When doing questions 1 and 2, the students need to make sure that they count all the faces. They may find that the most systematic way of doing this is to consider each of the 6 possible views in turn (left, right, up, down, front, and back). They then put the numbers in a table and calculate the ratio of surface area to volume. For ease of comparison, they are asked to put the ratio in the form x : 1 (as in Fat in Foods, pages 4-5 of the students' book).
The students may have trouble seeing how to get from 34 : 8 to 4.25 : 1. To achieve this, they must divide both sides of the ratio by 8 (because 8 ÷ 8 = 1). This division makes use of the principle of equivalent ratios, which says that 2 : 3 = 4 : 6 = 18 : 27 = 1 : 1.5 = 200 : 300, and so on. This is the principle of equivalent fractions, slightly disguised. As well as helping your students work with these ratios, you may also need to help them interpret the meaning of the ratios they have calculated.
In question 2d-e, the students discuss the relationship between surface area and volume. They should be able to see that as the volume increases, so does the surface area, though not in a fixed ratio (because the shape of dogs varies greatly). This means that a small dog has a proportionally greater area of skin through which to gain (or lose) heat and is therefore more at the mercy of external conditions. Compare the vulnerability of a human baby.
Hypothermia is the result of excessive heat loss through the skin, the reverse of the overheating problem that is the focus of questions 1 and 2. Hypothermia is often the cause of death in water accidents, rather than drowning (think of the Titanic). It is also a threat for unprepared trampers and climbers in the New Zealand outdoors. The last activity in this book, Chilling Out (page 24 of the students' book), is also relevant here.

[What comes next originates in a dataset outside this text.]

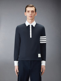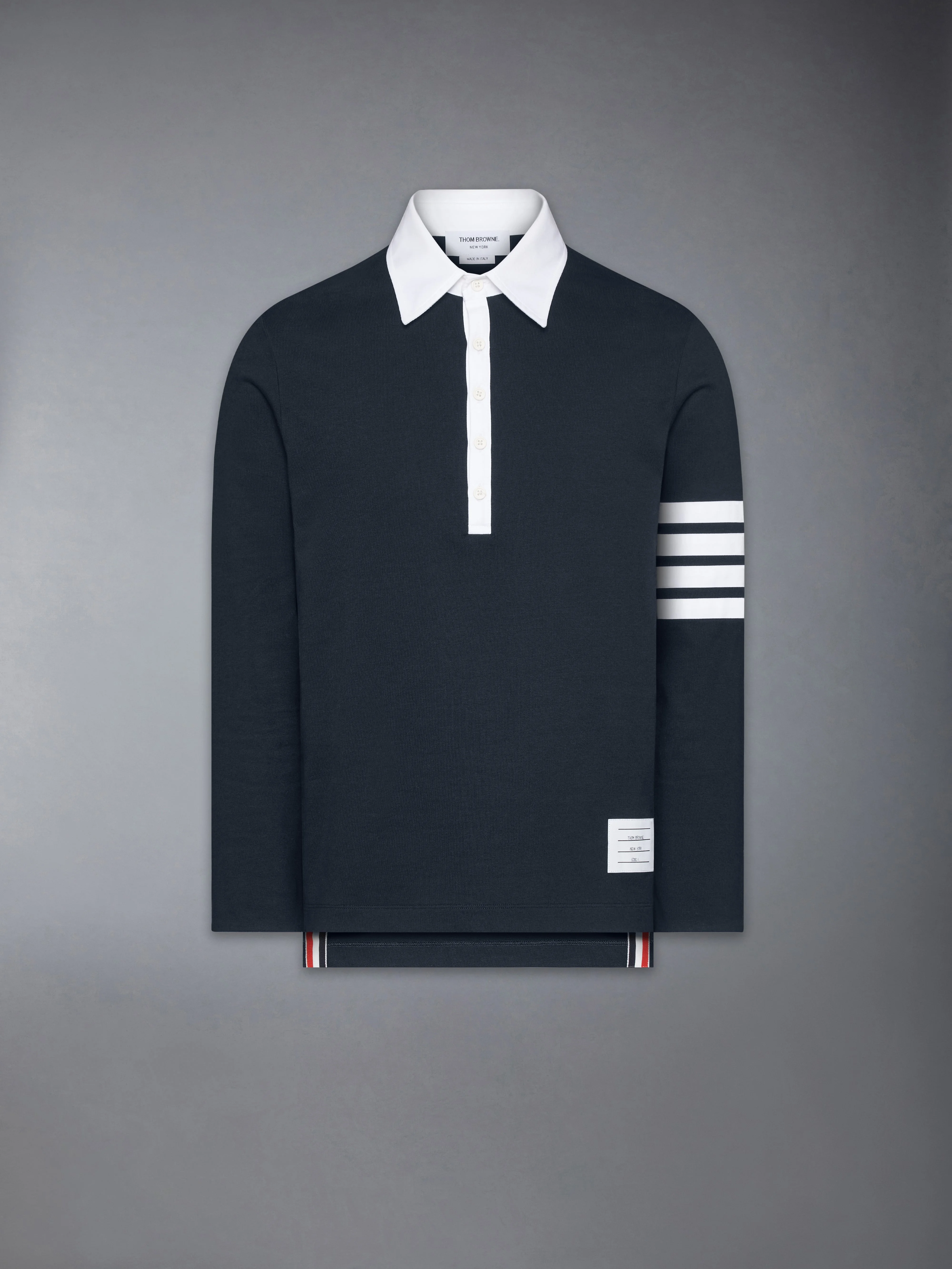 Inspired by midcentury rugby uniforms, this classic polo is crafted from breathable cotton for all-day comfort. Finished with our signature 4-bar detailing—an homage to athletic achievement and excellence—it’s a timeless piece that blends sport with sophistication. Pair it with our Washed Cotton Utility Cargo Trousers. Partial front button closure 4-bar detailing Name tag applique Model is 6'1" (185cm), wearing size 1 100% Cotton Combo 1: 97% Cotton, 3% Elastane Made in Italy MJP229A-J0058-415

Information about hypothermia can be found on the Internet, including these sites:
Health and Physical Education
This activity could form part of a unit on hypothermia or safety in the outdoors.
- access and use information to make and action safe choices in a range of contexts (Personal Health and Physical Development, level 4)

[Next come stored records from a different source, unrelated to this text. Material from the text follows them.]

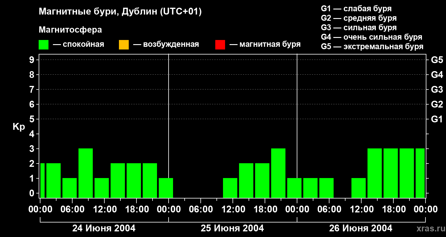 Изменения геомагнитного индекса Kp с 24 по 26 июня 2004 года для средних широт
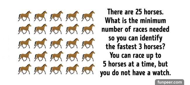 ▼Google面試題:賽場中有25隻馬,5條賽道,也就是說一次可以有5隻馬一起比賽。你沒有手錶,最少比幾次才能找出跑得最快的3隻馬?
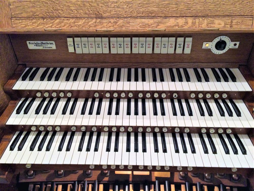 Healey Willan, who is revered by this church to this day, expressly wanted no changes made to his organ at the time of his death, and was very upset at the neo-classicization of his old instrument at St. Paul's, Bloor Street in 1956. Far from being a "British" instrument, it was simply of a very standard and conservative Canadian style at the time, only a bit more adventurous than Charles Sumner Warren's instruments of a few years prior and not nearly as progressive and British as Casavant would become in the next decade. Nonetheless, the instrument was heavily modified following his death and re-dedicated as his organ despite the fact he would not have approved of any of the work. Most of the principal chorus was re-scaled and de-nicked quasi-automatically (as was done at St. James by the same people only a few years prior), the original reeds were re-voiced and new ones added not in the character of the original (the Warren 16' reed from St. Andrew's was altered to such an extent that it no longer sounds like one of that era, let alone from that builder), characteristic Romantic stops were replaced with unblending mixtures and mutations that do not make sense in context, and the expressive wind system of the original was swapped for completely solid Schwimmer wind. The level of intervention has been hidden from the public and is partially veiled by the very generous acoustic and placement of the organ. Nonetheless, one can detect the vestiges of an instrument originally of great Romantic beauty. Despite being the only instrument in Toronto with a preponderance of Breckels & Matthews pipework, and much of it being fairly easy to return to its original state, the church is not financially healthy and there is no money for the restoration which the organ deserves.

- investigate and practise safety procedures and strategies to minimise risk and to manage risk situations (Personal Health and Physical Development, level 5)

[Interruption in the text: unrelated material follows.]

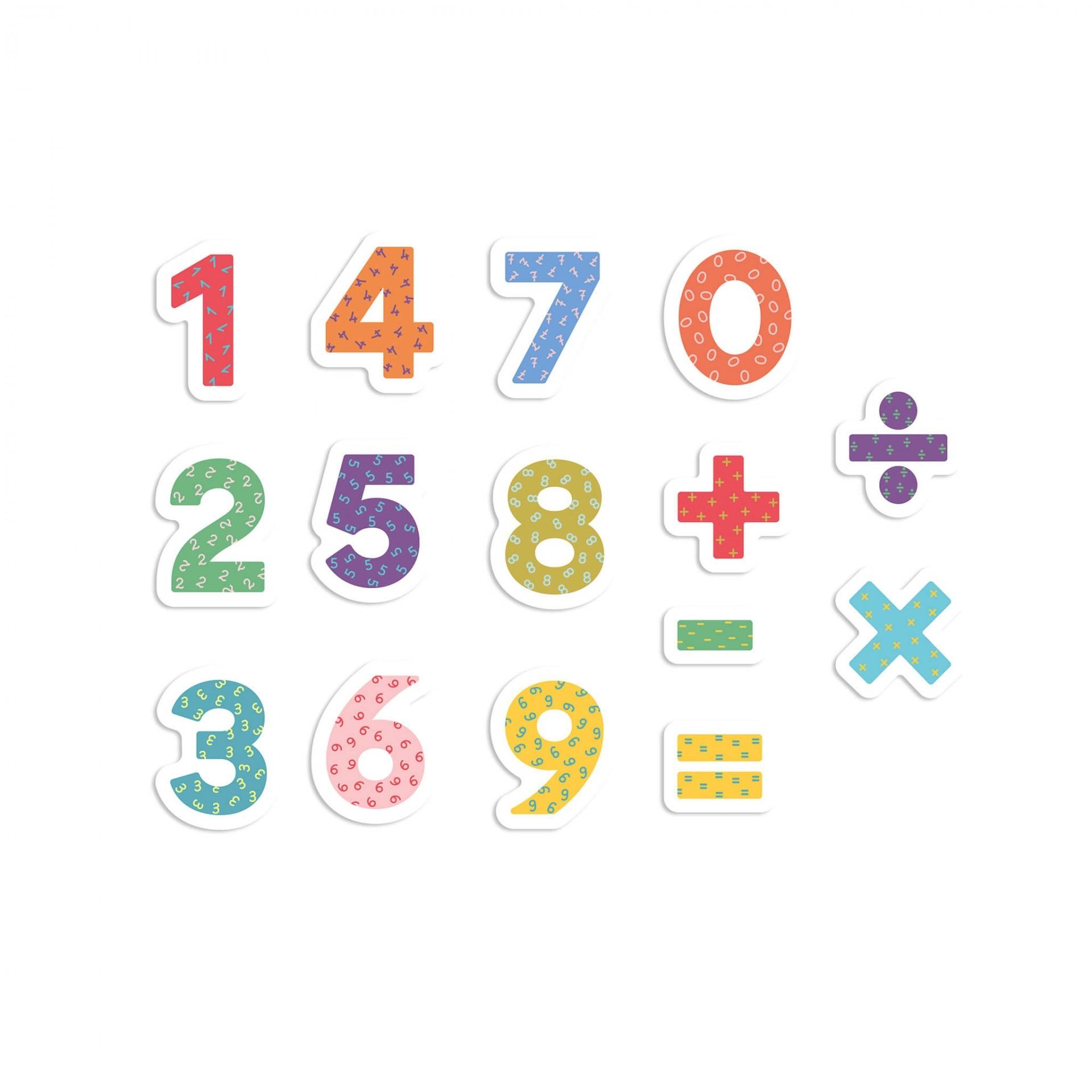 Juego magnético de 30 números y símbolos de madera de alta calidad con lámina magnética en el dorso.

This activity could be used in conjunction with a unit based around Building Science Concepts Book 46, Keeping Warm and Book 47, Insulation.
- investigate and describe structural, physiological, and behavioural adaptations which ensure the survival of animals and flowering plants in their environment, e.g., the organ systems which animals use to locate, catch (or harvest), eat, digest, transport, and use food; territoriality; social behaviour; photosynthesis, osmosis; transpiration (Making Sense of the Living World, level 5)
Answers to Activity
1. Practical activity. The total surface area is 34 squares (square units).
2. a. Practical activity
d. As body size increases, the ratio of surface area (skin) to volume decreases.
e. A small dog has proportionally more surface area (skin) than a large dog, so it loses or gains heat more rapidly and is less able to cope with extremes.
Results will vary. Hypothermia is a loss of body heat, which leads to death if not stopped in time.